Provided entries:
- Opening Delimiter -

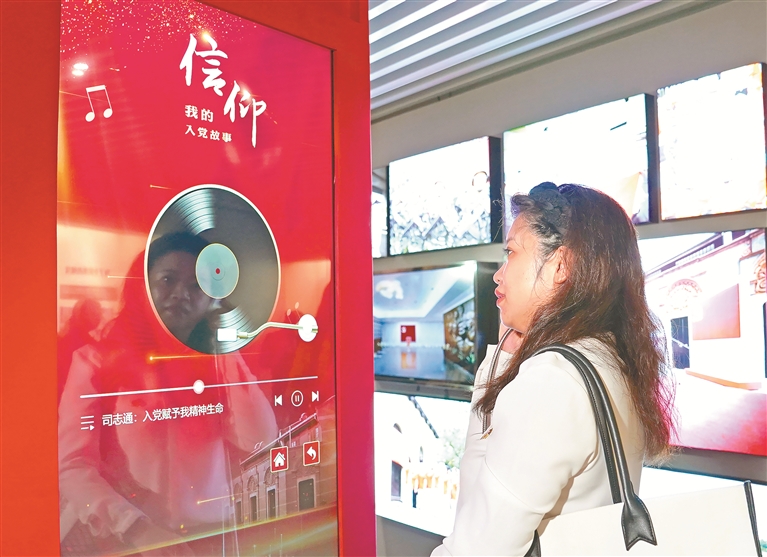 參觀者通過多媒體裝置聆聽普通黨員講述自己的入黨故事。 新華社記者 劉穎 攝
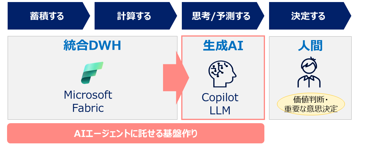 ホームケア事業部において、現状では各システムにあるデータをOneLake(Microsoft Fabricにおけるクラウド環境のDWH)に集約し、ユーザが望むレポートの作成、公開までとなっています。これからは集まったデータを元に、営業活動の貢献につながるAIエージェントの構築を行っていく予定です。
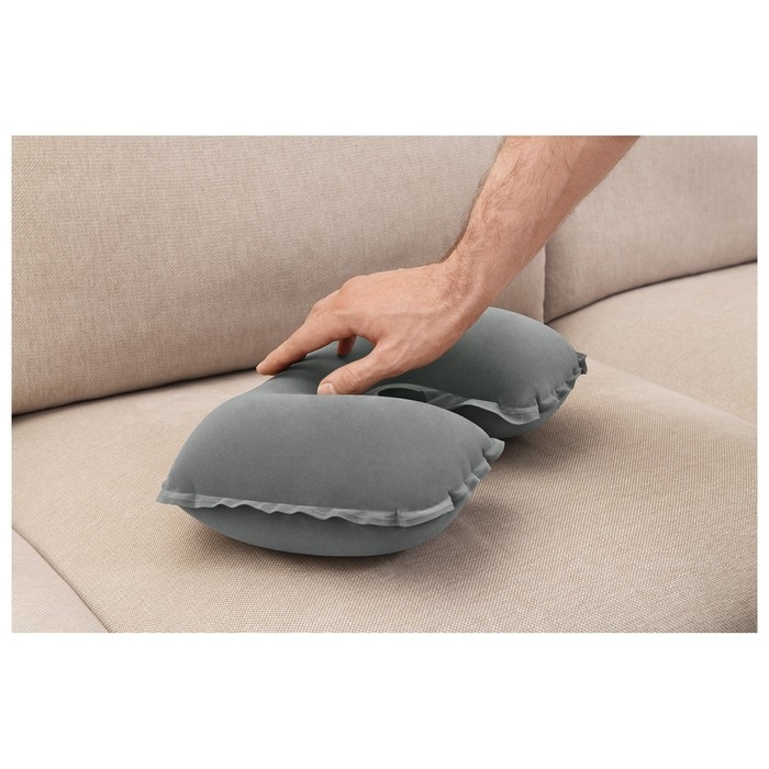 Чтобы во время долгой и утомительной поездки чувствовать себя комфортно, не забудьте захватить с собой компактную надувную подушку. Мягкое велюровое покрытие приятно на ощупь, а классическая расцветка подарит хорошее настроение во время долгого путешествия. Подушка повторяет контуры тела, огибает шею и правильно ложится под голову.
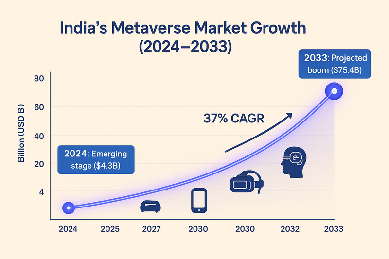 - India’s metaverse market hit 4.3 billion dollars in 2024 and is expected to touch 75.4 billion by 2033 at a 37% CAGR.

- Closing Delimiter -
- Opening Delimiter -

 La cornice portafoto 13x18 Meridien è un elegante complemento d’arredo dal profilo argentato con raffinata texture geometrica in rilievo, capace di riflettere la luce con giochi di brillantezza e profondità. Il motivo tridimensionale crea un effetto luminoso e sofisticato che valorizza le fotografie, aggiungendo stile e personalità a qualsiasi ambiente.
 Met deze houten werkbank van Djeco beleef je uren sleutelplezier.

- Closing Delimiter -
- Opening Delimiter -

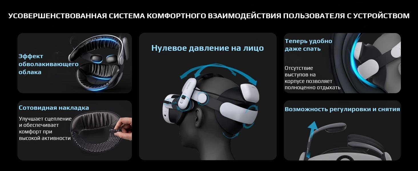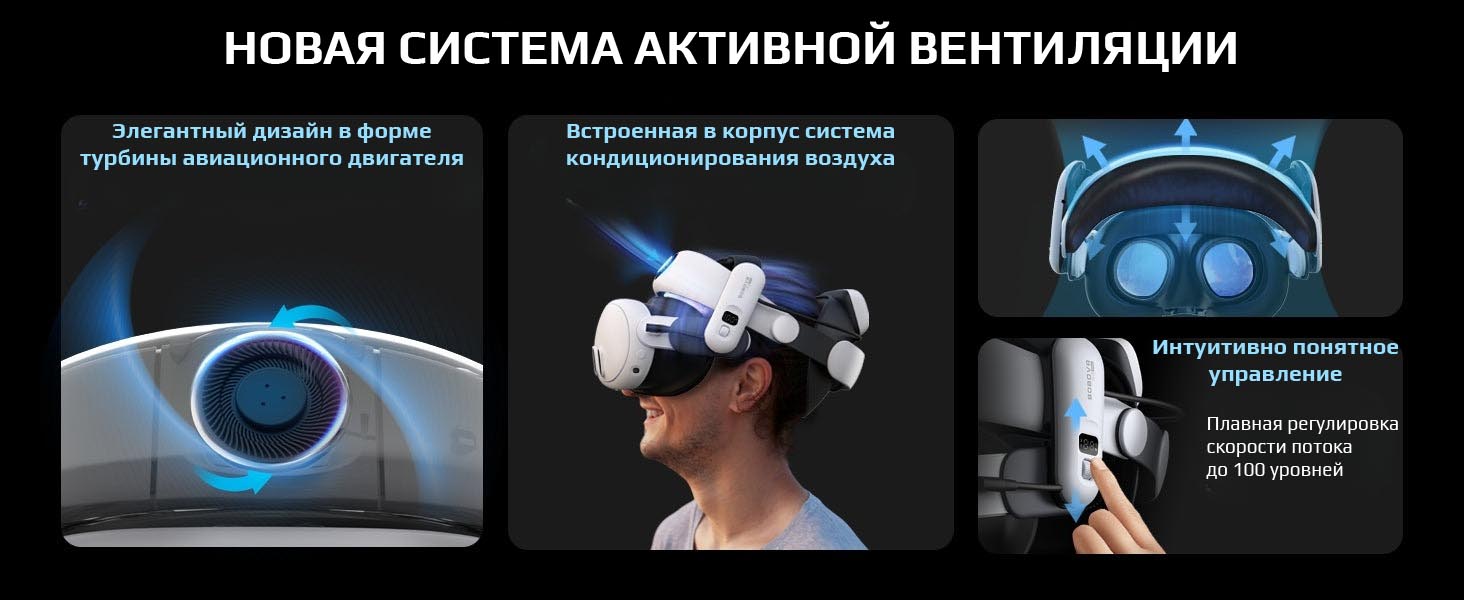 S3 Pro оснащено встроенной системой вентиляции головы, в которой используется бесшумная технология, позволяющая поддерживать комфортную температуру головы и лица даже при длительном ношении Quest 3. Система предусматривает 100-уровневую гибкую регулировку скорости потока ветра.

- Closing Delimiter -

How to complete this task: The reply should hold the entries above from the line with "Чтобы во время" to the line with "- India’s metaverse", duplicated exactly, pictures excluded.

Exercise output:
 Чтобы во время долгой и утомительной поездки чувствовать себя комфортно, не забудьте захватить с собой компактную надувную подушку. Мягкое велюровое покрытие приятно на ощупь, а классическая расцветка подарит хорошее настроение во время долгого путешествия. Подушка повторяет контуры тела, огибает шею и правильно ложится под голову.
 - India’s metaverse market hit 4.3 billion dollars in 2024 and is expected to touch 75.4 billion by 2033 at a 37% CAGR.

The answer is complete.